Walking slowly, studying the forested hills around them, Elza suddenly stopped as a nicker of movement caught the corner of her eye. She turned her head slowly, and not as far as the hill where she had seen that flash. The day had been very difficult for her. In her captivity among the Aiel tents at Cairhien it had come to her that it was paramount for the Dragon Reborn to reach the Last Battle. It had suddenly become so blindingly obvious that it astounded her she had not seen it before. Now it was clear to her, as clear as saidar made the face of the man trying to hide on that hill while peeking around a tree trunk. Today, she had been forced to fight the Chosen. Surely the Great Lord would understand if she had actually killed any of them, but Corlan Dashiva was only one of those Asha'man. Dashiva raised his hand toward the hill where she stood, and she drew as hard as she could on Callandor in Jahar's hands. Saidin seemed well suited to destruction, to her. A huge ball of coruscating fire surrounded the other hilltop, red and gold and blue. When it was gone, that other hill ended in a smooth surface fifty feet lower than the old crest.

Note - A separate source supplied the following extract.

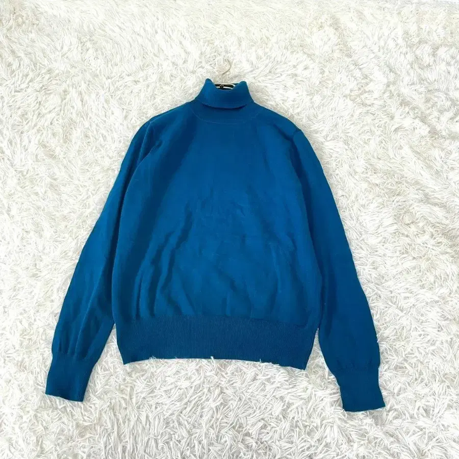 터틀넥 디자인의 100% 울 스웨터, 사이즈 38 ( M ), 깊은 파란색이 특징입니다.

Moghedien was not sure why she had remained this long. There could not be more than two hours of daylight left, and the forest was quiet. Except for the key, she could not feel saidar being channeled anywhere. That was not to say that someone was not using small amounts somewhere, but nothing like the fury that had raged earlier. The battle was over, the other Chosen dead or flying in defeat. Plainly defeat, since the key still blazed in her head. Amazing that the Choedan Kal had survived continuous use for this long, at this level.

Lying on her belly atop her high vantage point with her chin in her hands, she was watching the great dome. Black no longer seemed to describe it. There was no term for it, now, but black was a pale color by comparison. It was half a ball, now, rearing like a mountain two miles or more into the sky. A thick layer of shadow lay around it, as though it were sucking the last light out of the air. She could not understand why she was not afraid. That thing might grow until it enveloped the entire world, or perhaps shatter the world, as Aran'gar had said it might. But if that happened, there was no safe place, no shadows for the Spider to hide in.